Cam 12-04-2002 09:48 AM

That was great wolf, I loved the lab one. Though the german Shepard one I don't agree with, I had a German Shepard once she was the gentlest dog you could find. Wouldn't hurt a soul.

Tobiasly 12-04-2002 05:30 PM

Quote:

Originally posted by Cam
That was great wolf, I loved the lab one.
Me too! That's Al all the way... if he's been in his kennel for five hours, and has to piss like a racehorse when I get home, the first thing he does when I let him out is give me about ten seconds of hyper-excited puppy lovin' before making a mad dash for the back door.

HungLikeJesus 02-24-2009 09:11 PM

This was a SteveDallas Random Thread Picker pick. It's interesting to read in light of the recent chimp attack (though I only read about the first 30 and last 10 posts - the dinner bell is ringing).

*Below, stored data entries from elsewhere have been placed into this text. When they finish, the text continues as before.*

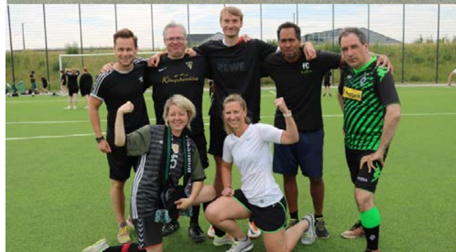
Oben: Niederzierer Siegerteam; unten: Merzenicher LehrerInnenmannschaft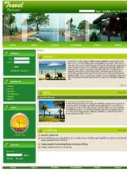
รูปแบบเทมเพลต : travel_001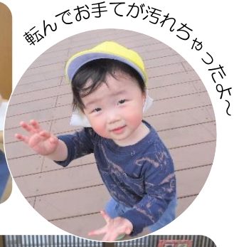
転んでお手てが汚れちゃったよ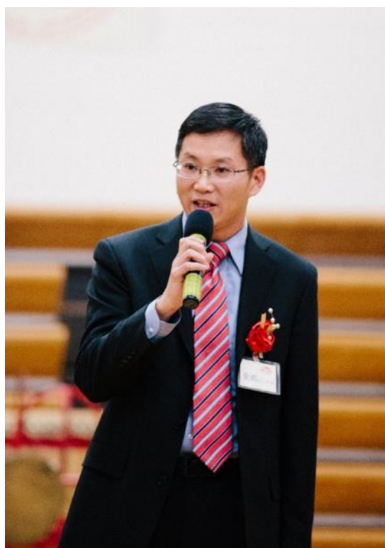
芝加哥总领事馆副总领事余鹏先生致辞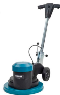
Orbis® eco 400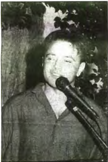
En Salvador creu que Mallorca té prou sensibilitat i història per donar-la a conèixer a la gent que ve de fora, per això va aprofitar el marc de la finca de ca n'Aí per fer una diada poètica plena de sensibilitat.

foren un exemple a seguir dins un món on el materialisme i les coses caduques marquen el ritme i el valor de les coses viscudes. Un acte com aquest, pensat i organitzat per un grup d'amics, sense cap tipus de recolzament institucional fa pensar que el poble, a hores d'ara, encara té inquietuds i necessitats i les manifesta, amb festa, per festejar les coses senzilles que una paraula d'home, dita amb fe, pot arribar a fer.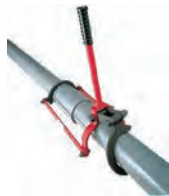
スーパーパイラー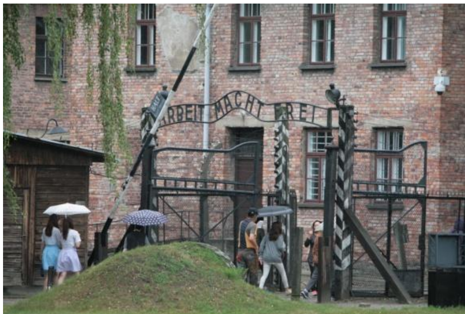
Porten till helvetet

Dagens program bestod av ett besök i koncentrations- och förintelslägret Auschwitz - Birkenau. Framme i Auschwitz slutade regnet mer eller mindre och förmiddagen bjöd på omväxlande gråmulet väder med inslag av regnskurar. Detta var säkerligen bra för sinnesstämningen, att besöka Auschwitz i vackert väder förtar nog en del av platsens mörka historia. En bra guide som talade perfekt svenska, förde oss genom detta monument över ondskan och beskrev på ett korrekt men medryckande sätt hur det dagliga livet och den ständigt närvarande döden gestaltade sig för lägerfångarna. Vi vandrade in i lägret under den så välkända devisen "ARBEIT MACHT FREI". Till skillnad från de över en miljon 1 människor som förintades i lägret visste vi att vi skulle överleva besöket.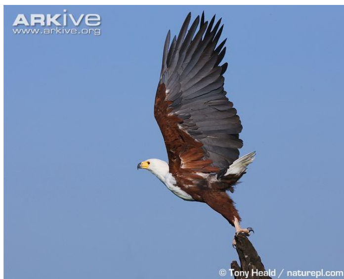
Slika 8. Madagaskarski orao ribar

Madagaskarski orao ribar (Slika 8) obitava u područjima madagaskarskih šuma. Endemska je vrsta Madagaskara gdje u malom broju živi na zapadnoj obali otoka. Dužina tijela je 60–66 cm, s rasponom krila 165–180 cm i mase 2,2–2,6 kg kod mužjaka i 2,8–3,5 kg za ženke.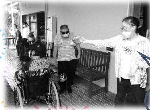
あつ なつ けきは 暑い夏を撃破!!!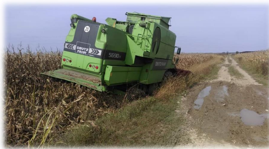
Slika 5. Žetva kukuruza

Ubiranje silažnog kukuruza - Preporučuje se podešavanje duljine reza od 4 do 10 mm. Kraći rez omogućuje bolje gaženje i sabijanje biljne mase te lakšu probavljivost kod preživača. Dio kukuruza koji se namjerava koristiti u ishrani stoke najracionalnije je koristiti u obliku silaže. Na taj način pojeftinjuje se proizvodnja stočne hrane po jedinici površine. Kukuruz upotrijebljen u obliku silaže ima gotovo 50 % veći hranidbeni efekt nego kukuruz u obliku suhog zrna (Zovkić, 1981.).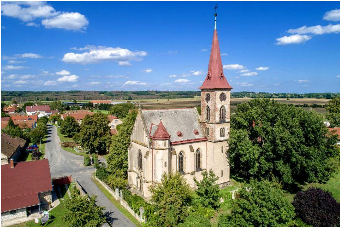
Obrázek č. 4 – Pohled na novogotický kostel Zvěstování Panny Marie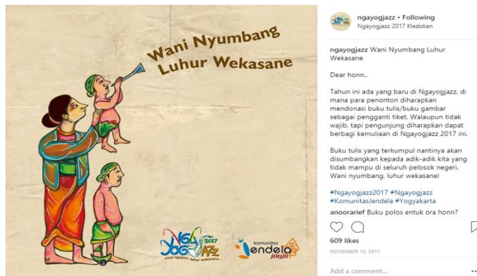
Gambar 3. 17 Wani Nyumbang Luhur Wekasane

Pada gambar 3.16 merupakan unggahan video mengenai persiapan event Ngayogjazz 2017. Dalam video tersebut menunjukkan gotong royong antara penduduk Dusun Kledokan yang berkerjasama dengan panitia Ngayogjazz 2017 dalam mempersiapkan untuk event tersebut.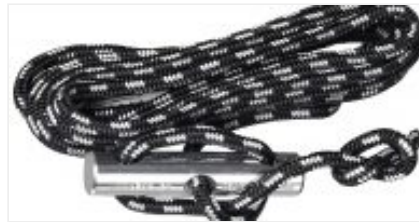
Cuerdas para Hamacas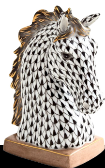
Lófej Horse bust 15715-0-00VHNM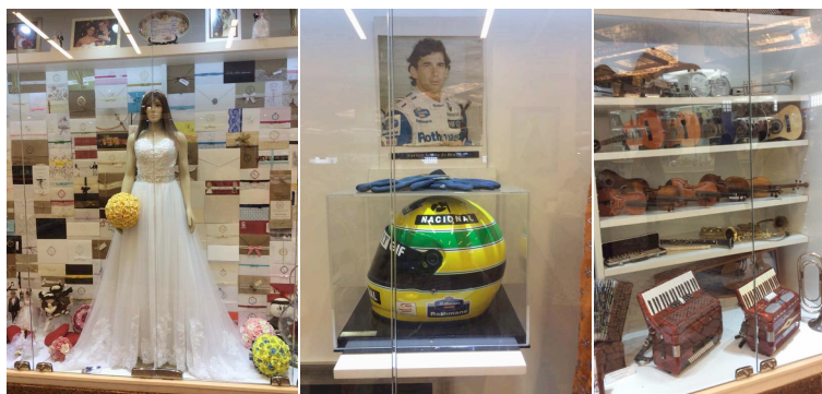
Figura 3: Objetos diversos, Santuário Aparecida, São Paulo, Brasil

da tecnologia, hoje são encontrados ex-votos eletrônicos, como CDs, DVDs, velas virtuais, emails e até SMSs encaminhados por celular exibidos em uma tela, como é o caso do Santuário da Aparecida, no estado de São Paulo, o maior santuário mariano em área e dos mais visitados do mundo. “Muita gente fica angustiada porque não tem como vir pagar a promessa. Agora pode agradecer por SMS”, explica o Padre Rodrigo Arnos, em entrevista à antropóloga Bianca Gonçalves de Souza publicada na revista Unesp-Ciência (Nogueira, 2011, pp. 36-41).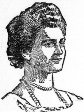
Eleonore Prinzessin zu Solms-Hohensolms-Lich.

Eiserne Bettstellen Gr. Ulrichstrasse 21. von Mk. 4,50 bis zu den elegantesten. Mitglied des Rabatt-Spar-Vereins.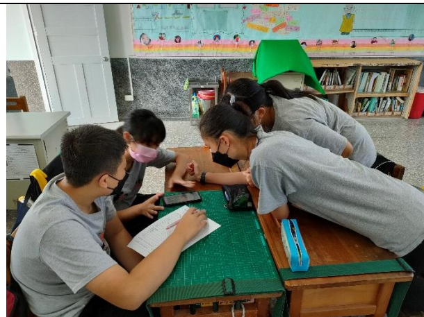
說明：學生填寫午餐菜單、食材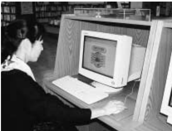
ホームページより図書検索する利用者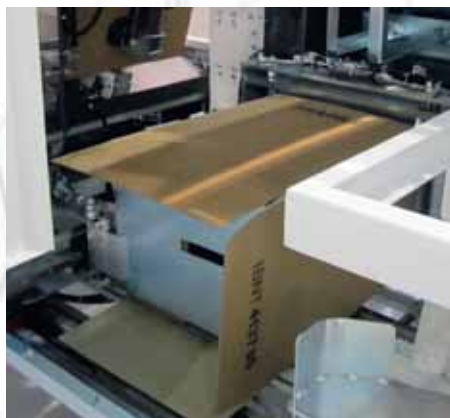
Formado de caja e introducción de producto agrupado en automático.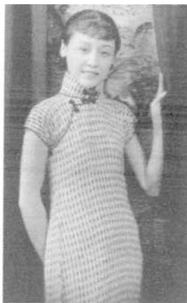
图4 穿条格旗袍的女子

照片分析:图4中女子身穿一款条格纹样的短袖旗袍,这种条格织物的旗袍在20世纪30年代前期、中期很时髦。此时旗袍袖子已经变得很短,领子较高,领口的两粒盘扣为素雅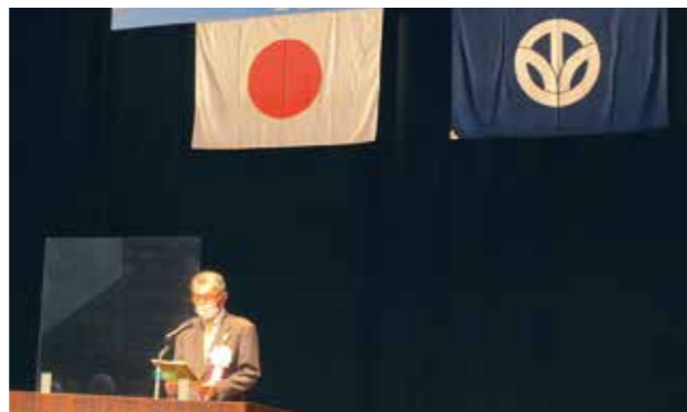
東川あわら交通安全協会長の大会宣言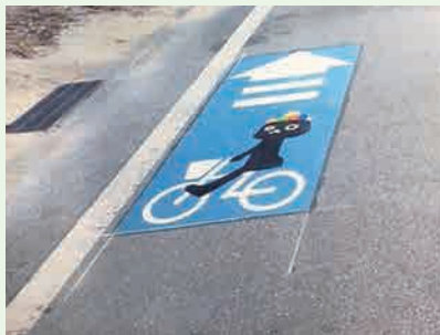
浜地区の自転車通行空間帯として、うるま市の自転車ピクトグラム整備を行った

審議結果として、認定案件は認定し、議案は全て原案可決した。陳情4件は継続審査となった。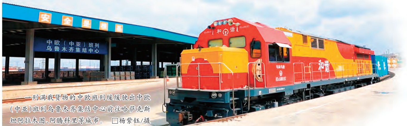
一列满载货物的中欧班列缓缓驶出中欧(中亚)班列乌鲁木齐集结中心前往哈萨克斯坦阿拉木图、阿腾科里等城市。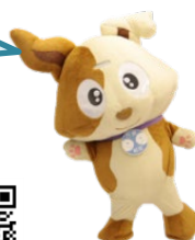
行政相談マスコット 「キクーン」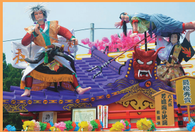
京都祇園祭を思わせる豪華絢爛な山車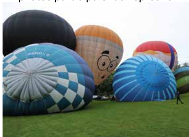
À l'heure du départ, c'est la bousculade chez les participants.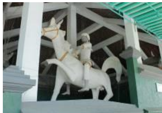
Gambar 5. Patung Habib Ali

Makam Habib Ali bin Abu Bakar Umar al Hamid saat ini berada dalam satu bangunan dengan dua pintu yang terletak di sisi sebelah utara dan sebuah pintu lain di sisi timur bangunan. Kedua pintu akses tersebut menggunakan pintu dengan model ukiran Bali (Gambar 6). Demikian pula jika diamati dinding bangunan di sekeliling makam tersebut lebih menyerupai pagar penyenger seperti umumnya pagar yang dapat dijumpai pada bangunan tradisional masyarakat Bali.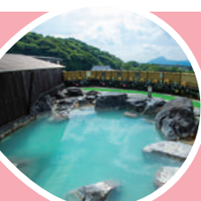
酸性硫化水素泉 明礬温泉(別府市)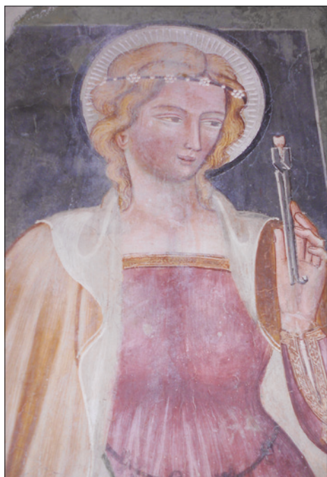
■ 2. Sant'Apollonia , particolare, prima metà del XV secolo. Genazzano, chiesa di Santa Croce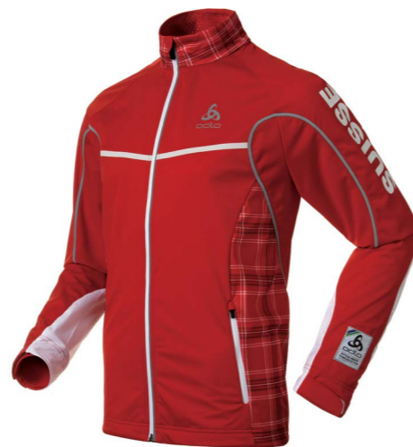
Art. 612032 Men's Jacket Frequency X Suisse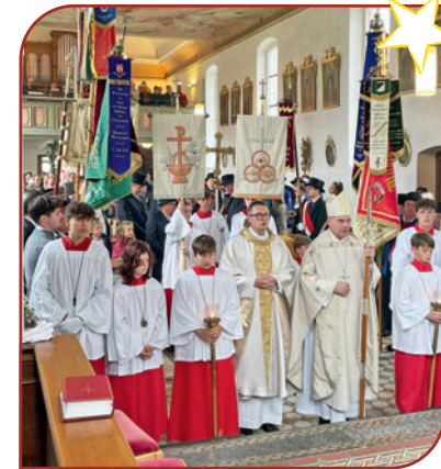
750 Jahre Krumbach am 5. Oktober

Große Veränderungen stehen uns bevor. Die Diözese hat unter dem Titel „Kirche der Zukunft“ mehrere Prozesse aufgelegt, die das Aussehen und die Strukturen unserer Pfarrgemeinden tiefgreifend verändern werden. Dies wird auch auf die Seelsorge Einfluss haben.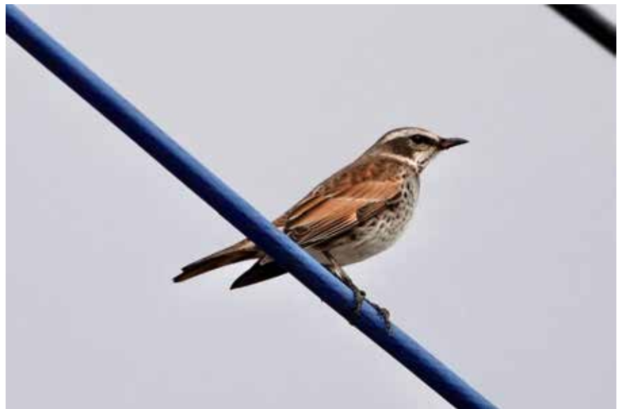
越冬で渡ってきた ツグミ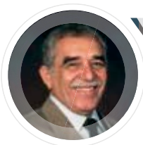
Gabriel García Márquez

01 Lee el texto y escribe qué relación tiene con tu identidad.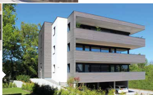
Mehrfamilienhaus mit 3 Wohneinheiten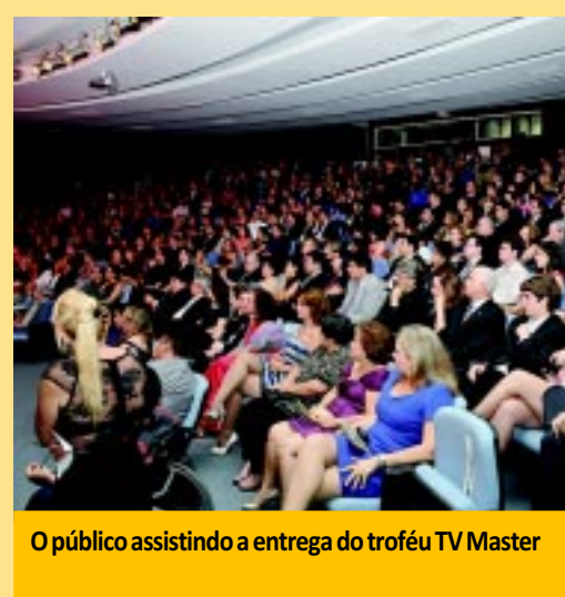
O público assistindo a entrega do troféu TV Master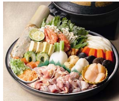
大阪「今井」うどん寄せ鍋2人前 (税込 9, 450 円)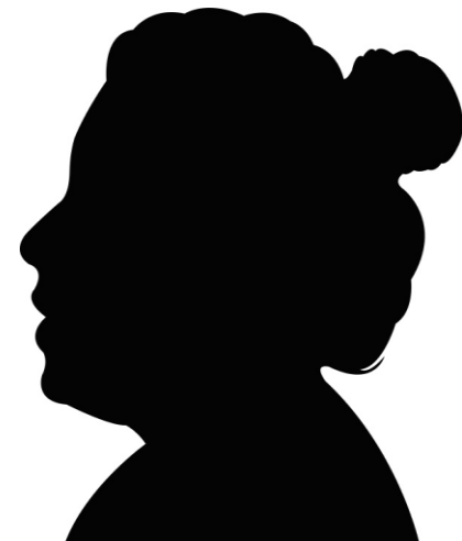
Mw. K, 76 jaar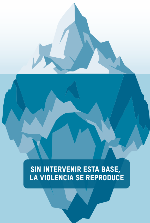
FIGURA 4. Iceberg del despojo territorial y la violencia contra personas defensoras en la Amazonía

Como se ilustra en la Figura 4, el enfoque del iceberg se utiliza como una herramienta analítica para comprender la violencia territorial en la Amazonía. Los ataques y asesinatos visibles representan solo la parte emergente de un entramado más amplio de violencias estructurales invisibilizadas —marcos normativos fragmentados, barreras administrativas, racismo estructural y ausencia de protección efectiva—. Sin intervenir estas capas subyacentes, las respuestas centradas exclusivamente en la violencia letal resultan insuficientes para prevenirla y fortalecer la gobernanza territorial.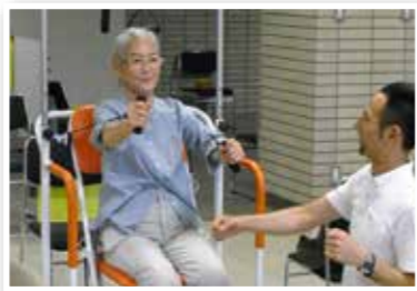
健康器具を体験する地区の皆さん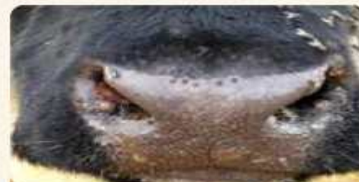
주둥이 및 입술의 궤양성 병변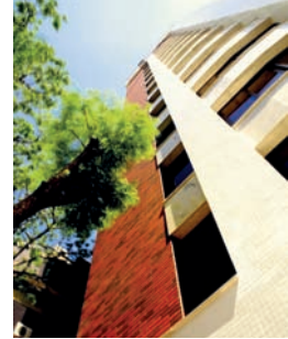
Haas & Jesus 2º lugar na Categoria Fachadas com o Vale du Loire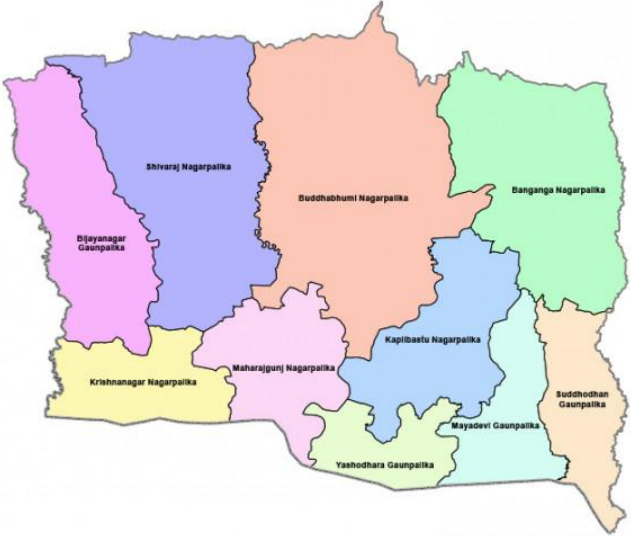
स्थानीय तहहरूको सीमाना सहितको कपिलवस्तु जिल्लाको नक्सा

राजनैतिक विभाजन : संघीय संसदका लागि ३ निर्वाचन क्षेत्र र प्रदेश सभाका लागि ६ निर्वाचन क्षेत्र रहेको यस जिल्लामा ६ नगरपालिका र ४ गाउँपालिका गरी १० स्थानीय तह रहेको छ ।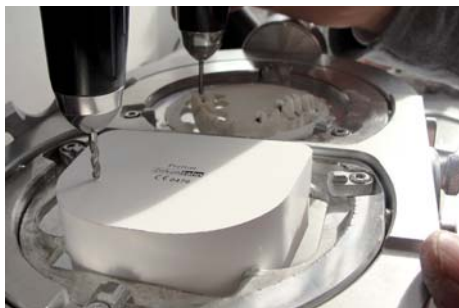
Илл. 5 / 6

Перед тем как начать фрезерование была изготовлена шайба для фиксации объекта. Для того, чтобы добиться идеальной точности работа была зафиксирована на модели Иллюстрация 6. Так как это является неотъемлемой частью для получения сверх точных результатов.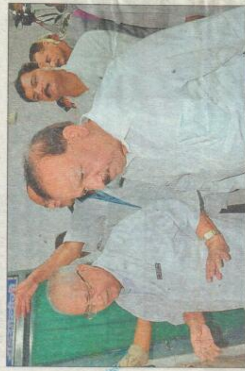
एस्केएमसीएच में डॉ. हर्षवर्धन का निरीक्षण करते केंद्रीय स्वास्थ्य मंत्री

एस्केएमसीएच में पत्रकारों से बातचीत में डॉ. हर्षवर्धन ने कहा कि एक-दो साल में राज्य से कालाजार को पूरी तरह खत्म कर दिया जाएगा। उन्होंने कहा कि मुजफ्फरपुर व आसपास के इलाके में इस बीमारी से भी काफी लोग पीड़ित हैं। इसे देखते हुए कालाजार के लिए रिसर्च प्रक्रिया का और सुदृढ़ किया जाएगा। इसके लिए कुड़नी में आएचआर्यू (रूराल हेल्थ रिसर्च यूनिट) खोली जाएगी।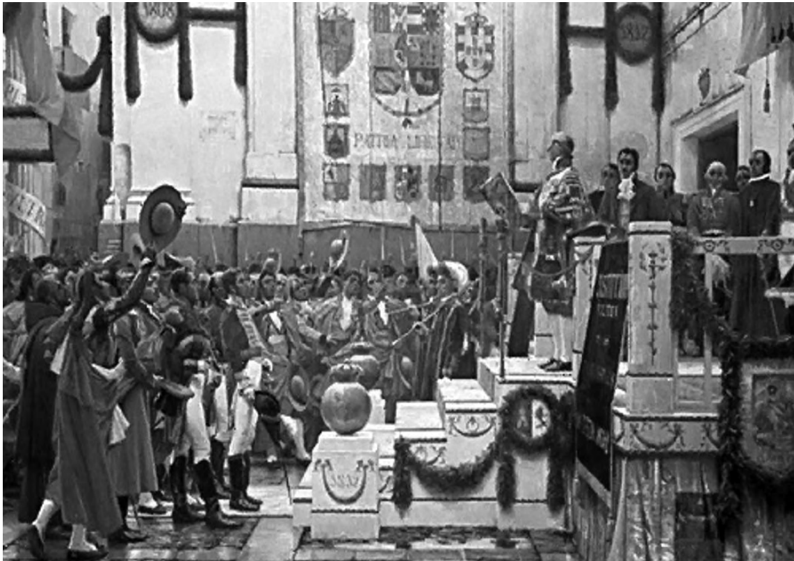
Cortes de Cádiz

presión política de las propias Cortes, se terminó por decretar su observancia el 12 de septiembre de 1812, a pesar de lo cual, la Ley de Libertad de imprenta realmente no se aplicó.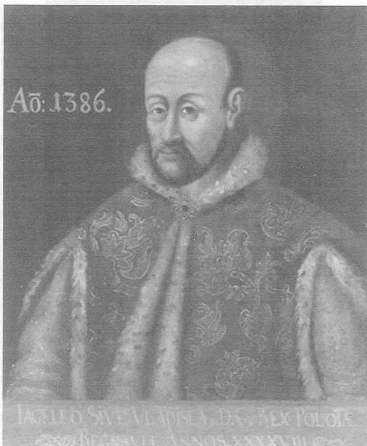
Anonim, Władysław Jagiełło. Portret, ok. 1645 r., Muzeum Okręgowe w Toruniu.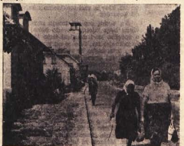
V Sevnico nakupovati!

Krvodajalci se še vedno prijavljajo, tako v skupinah kot posamezno. Doslej je prijavljenih za oddajo krvi že več kot 400 ljudi.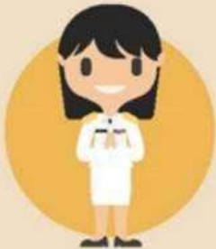
ข้าราชการพลเรือนสามัญ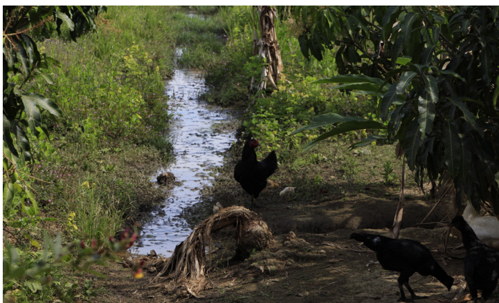
เกษตรทฤษฎีใหม่ รูปแบบของการทำเกษตรที่เหมาะสมกับเกษตรกรสูงอายุ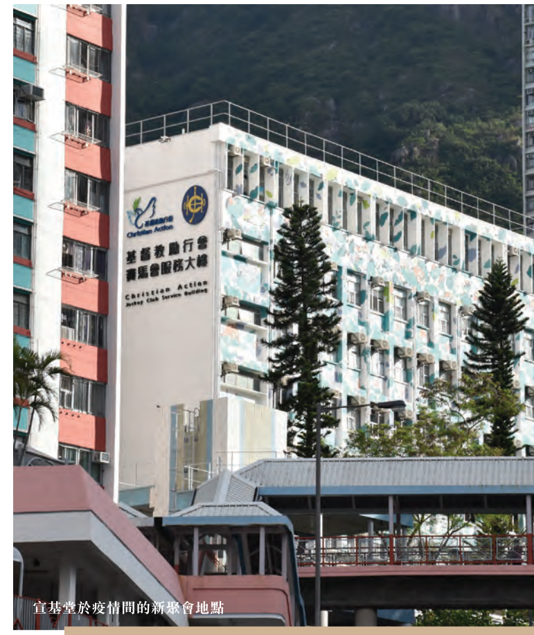
宣基堂於疫情間的新聚會地點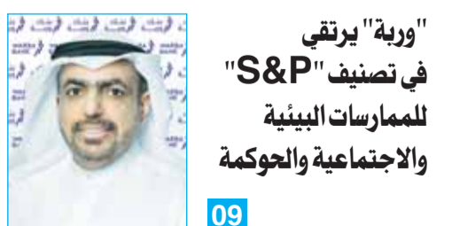
"وربة" يرتقي في تصنيف "S&P" للممارسات البيئية والاجتماعية والحوكمة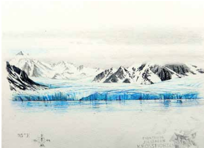
Cuaderno del Ártico II Grafitoa eta koloretako arkatzak paper gainean Grafito y lápices de colores sobre papel 19,5 x 25 cm 2017

Aurreko orrialdean / Página anterior: Todo lo sólido se desvanece en el aire II Akriliko oihal gainean Acrílico sobre tela 210 x 411 cm 2014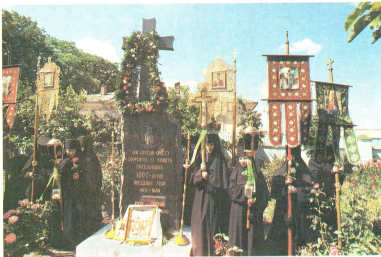
Крест, сооруженный в память празднования 1000-летия Крещения Руси в Свято-Троицком Корецком женском монастыре

ZenGum 02-24-2009 11:33 PM

All that animal talk and not a single recipe?? WTF????

wolf 02-25-2009 01:12 AM

There's not enough meat on a Petersburg Orchid to make anything useful out of it.

Well, I suppose you could zip up some sort of stew if you slaughtered a whole herd of them, but that's a lot of skinning and deboning for one bowl of stew. Screw it. Open up a can of Dinty Moore. That pretty much tastes like dog anyway.

wolf 02-25-2009 01:13 AM

Hey ... what ever happened to Tobiasly? Anybody know?